**Exercise brief**
Copy all the lines of the listing below exactly. Skip the images.
-- Given material follows --
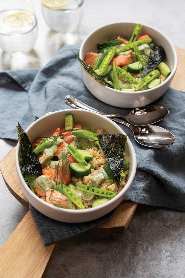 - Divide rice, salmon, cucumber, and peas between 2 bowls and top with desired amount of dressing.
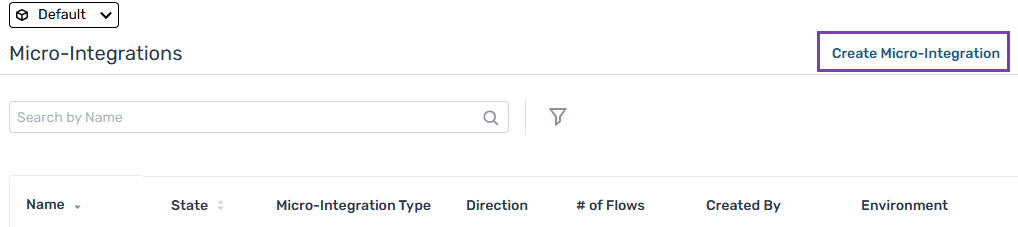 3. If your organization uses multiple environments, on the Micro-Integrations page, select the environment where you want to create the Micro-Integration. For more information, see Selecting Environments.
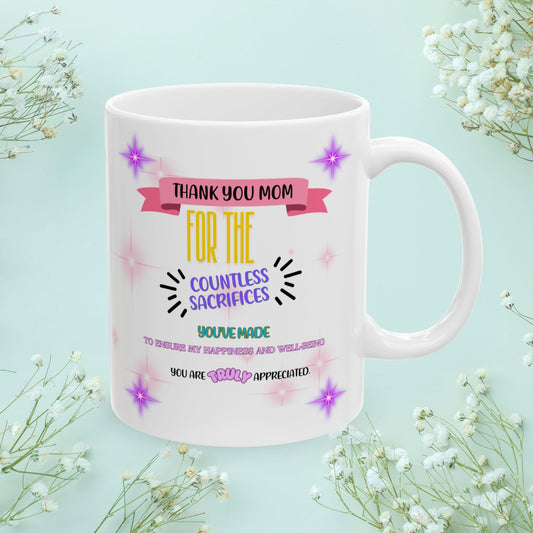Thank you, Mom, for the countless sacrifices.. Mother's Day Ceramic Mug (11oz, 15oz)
-- Given material concluded --
**The answer**
 - Divide rice, salmon, cucumber, and peas between 2 bowls and top with desired amount of dressing.
 3. If your organization uses multiple environments, on the Micro-Integrations page, select the environment where you want to create the Micro-Integration. For more information, see Selecting Environments.
Thank you, Mom, for the countless sacrifices.. Mother's Day Ceramic Mug (11oz, 15oz)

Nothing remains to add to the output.